On Sun, 9 Nov 2008, Geert Uytterhoeven wrote:
On Mon, 3 Nov 2008, Finn Thain wrote:
I agree with Geert. Ignore my comment about device_initcall -- I was
looking at via-cuda.c but that is not a good example.
drivers/scsi/mac_esp.c is a better example.
esp_mac_probe checks the macintosh_config entry. That and
esp_mac_remove are the platform device entry points Geert referred to.
The module entry points are mac_esp_init and mac_esp_exit. I think you
could use either of the platform device probe routine or the module
init routine to set the base address.
Ideally, the _probe() routine should not look at the bits in
macintosh_config, but only at the platform device and its resources.
Makes sense.
The creation of the platform device should be moved to
arch/m68k/mac/config
That means adding #if CONFIG_BLK_DEV_SWIM to config.c.
It also makes drivers/block/swim.c less cohesive.
which would create the platform device, and only if the bits in
macintosh_config indicate that the hardware is present. The actual value
of swim_base can be stored in a struct resource linked to the platform
device.
I'm probably missing something here, but I can see some benefit in doing
this only in the absence of a global macintosh_config.

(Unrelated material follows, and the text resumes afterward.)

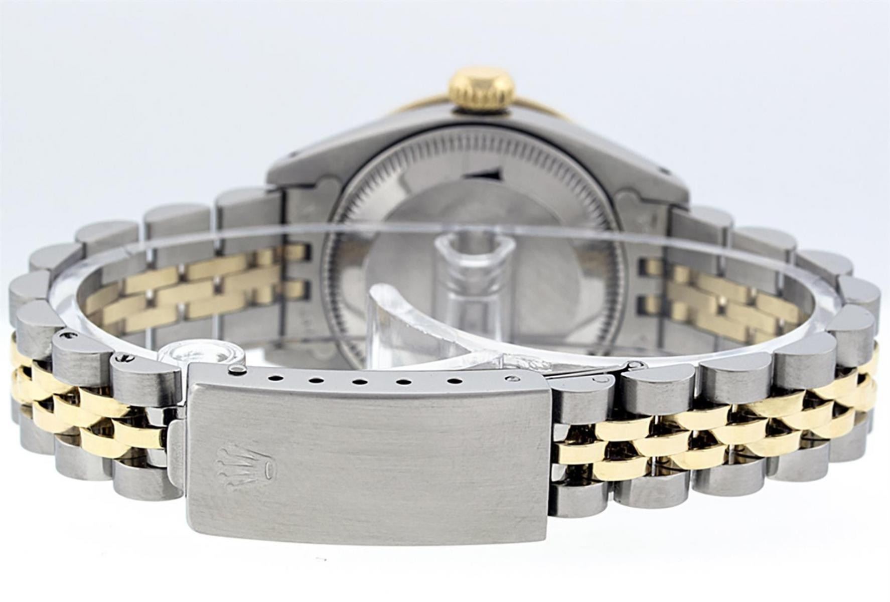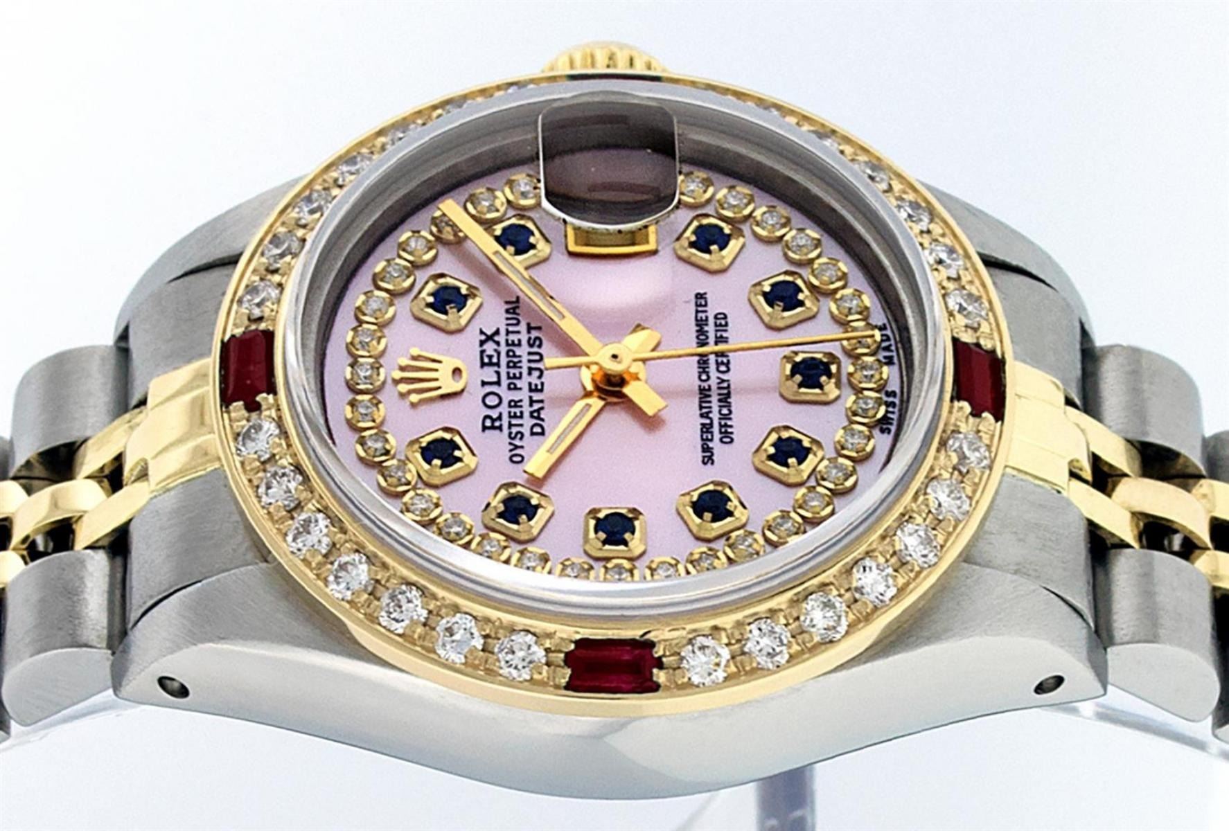 One Ladies Two Tone Rolex Datejust Polished, Serviced & Electronically Tested, Yellow Gold & Stainless Steel Case: 26mm, Yellow Gold Crown, Custom Bezel: New 18K New Yellow Gold Ruby Beadset Diamond Bezel, Diamond Count: 28 Diamonds + 4 Rubies In Dial, Total Weight .70 Carat, Clarity: SI-VS, Color: G to H. Custom Crystal: New Scratch Resistant Synthetic Sapphire Cyclops Lens. Custom Hands: New Luminescent Hands. Movement: Automatic Winding Movement. Custom Dial: Pink Mother Of Pearl Sapphire String Diamond Dial, Diamond Count: 10 Sapphires + 33 Diamonds In Dial, Clarity: SI-VS, Color: G to H. Date Window: 3 O'Clock Position Date Display, Model: Datejust. Condition: G-6 Extra Fine. Bracelet: Two Tone Yellow Gold & Stainless Steel Jubilee Band. Bright Polish. 6.0 Inch Length, Adjustable. Standard Clasp, With Rolex Logo. This Watch Has Been Serviced Time Tested And Is In Excellent Condition It Is Free Of All Scratches And Dents.

But if you didn't have a global macintosh_config, several parts of
macintosh_config (especially macintosh_config->ident) would end up
duplicated in each of the struct resources for the platform devices, no?
Would you explain it is we gain from moving platform init routines into
config.c? I can only see disadvantages.
Finn
So far the only platform device for m68k (not in mainline) is Michael's
EtherNAT driver, cfr. arch/m68k/atari/config.c. Note that that one
registers the platform device unconditionally, as there's no magic
predictor for its presence in the firmware or machine tables.